Alors, le 20 décembre 1984, Doris retrouve la clinique de la Source pour une hystérectomie totale. «Quand je me suis réveillée, après trois heures d’opération, l’anesthésiste m’a annoncé que mes intestins étaient collés à mon utérus et qu'ils auraient pu éclater si j’avais attendu plus longtemps. Il m’a dit, un peu choqué, ‘Ma pauvre petite dame, vous avez dû atrocement souffrir!’». 

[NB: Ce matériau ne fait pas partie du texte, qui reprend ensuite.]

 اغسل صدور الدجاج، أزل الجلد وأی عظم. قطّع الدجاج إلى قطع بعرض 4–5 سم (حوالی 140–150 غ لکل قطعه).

«Tu es encore une femme, sans utérus?»

Dès le premier jour, Doris se sent infiniment libérée: «Je n’avais jamais été aussi bien de ma vie, se souvient-elle. Plus aucune douleur! J’ai été triste de passer les Fêtes à la clinique, je me souviens avoir pleuré en entendant des chants de Noël. Mais après quinze jours à l’hôpital et un mois de convalescence à la maison, j’allais tellement bien! Je devais suivre un traitement hormonal à base de progestérone pour éviter les bouffées de chaleur, mais je l’ai arrêté du jour au lendemain vers mes 48 ans, après avoir lu que ce type de médicament pouvait augmenter les risques de cancer du sein. Heureusement, en interrompant le traitement, je n’ai ressenti aucun désagrément, tout allait bien.» 

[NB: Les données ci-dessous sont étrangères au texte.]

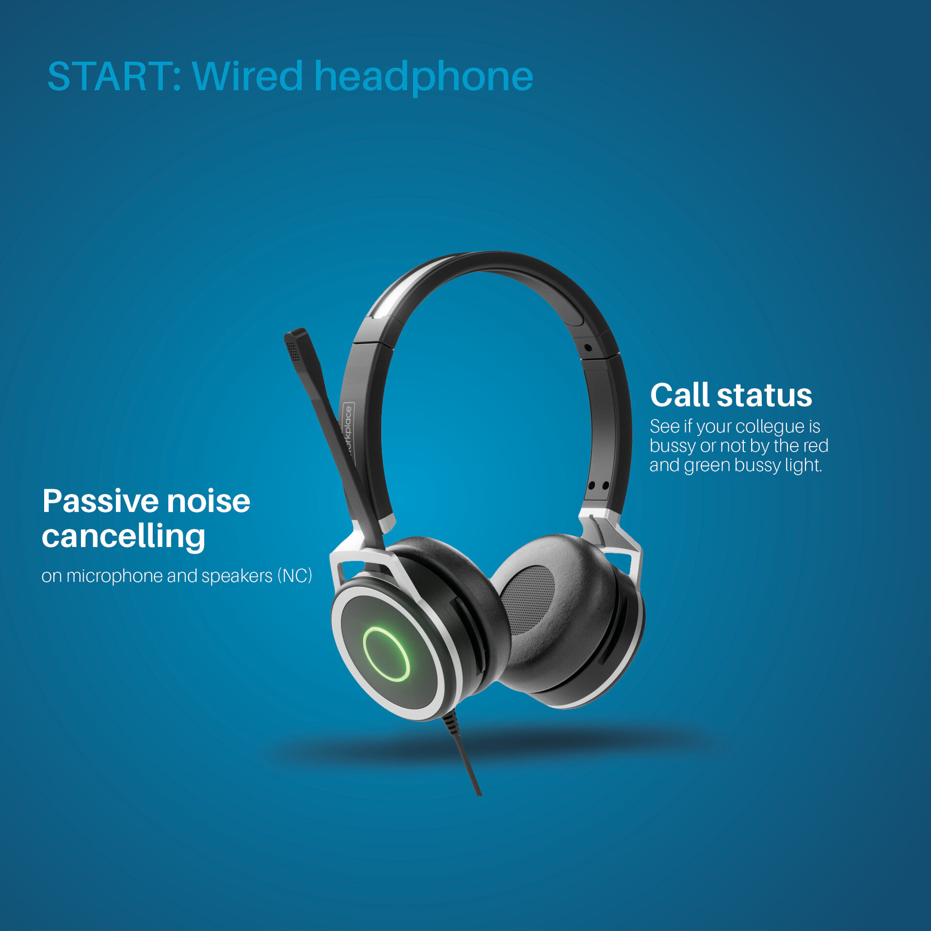 START Wired -kuulokkeet tarjoavat monenlaisia etuja, jotka mahdollistavat ammattimaisen viestinnän. Niihin kuuluvat melua vaimentava mikrofoni, jossa on melunvaimennus kristallinkirkasta puhelunsiirtoa varten, HD-superlaajakaistaäänen kaiuttimet, jotka tuottavat HiFi-stereoäänen, ja laadukkaan valmistuksen ansiosta, optimaalisen käyttömukavuuden.

La nouvelle s’avère toutefois plus difficile à digérer pour sa Maman, chagrinée d’apprendre que sa fille n’avait plus d’utérus. Doris se souvient effectivement du regard de ses proches sur sa situation: «Certains amis me questionnaient, me demandaient si j’étais toujours une femme, psychologiquement, sans utérus. Mais je leur répondais que je me sentais évidemment encore femme, que j’avais eu beaucoup de chance, que ma cicatrice était cachée sous mes vêtements et que je n’étais pas à plaindre, surtout en comparaison avec les femmes ayant souffert d’un cancer du sein par exemple, qui doivent apprivoiser un tout nouveau corps.» 

«Heureusement que le monde a évolué»

Aujourd’hui, Doris vit sans la moindre douleur. Elle sourit, adore danser, marcher et chouchouter les quatre petits-enfants de celui qui partage sa vie depuis vingt ans. En pleine santé, elle profite d’une vie bien remplie, déborde d’énergie au quotidien et ne souffre plus d’aucune douleur: «Ma médecin me dit que j’ai une pression artérielle de jeune fille, se réjouit-elle. Je n’ai pas de cholestérol, pas de diabète…». Lorsque le MAD de Lausanne organise des soirées dédiées aux seniors, Doris se précipite sur la piste: «J’ai dansé toute ma vie, à tous les âges, et ma Maman avait sa propre école de danse. Cela m’a énormément aidée lorsque j’affrontais toutes ces douleurs. Le fait de bouger mon corps m’aidait à penser à autre chose.» Sa joie de vivre est communicative et, à force de parler de danse, j’oublie presque que nous étions initialement venues discuter d’endométriose. La preuve que la maladie n’a jamais su prendre le dessus sur le récit de Doris. 

«Heureusement que le monde a évolué, soupire-t-elle. Je suis heureuse qu’on parle de l’endométriose, qu’on écoute davantage les jeunes filles lorsqu’elles évoquent leurs douleurs. Personne ne devrait souffrir ainsi sans être prise au sérieux.»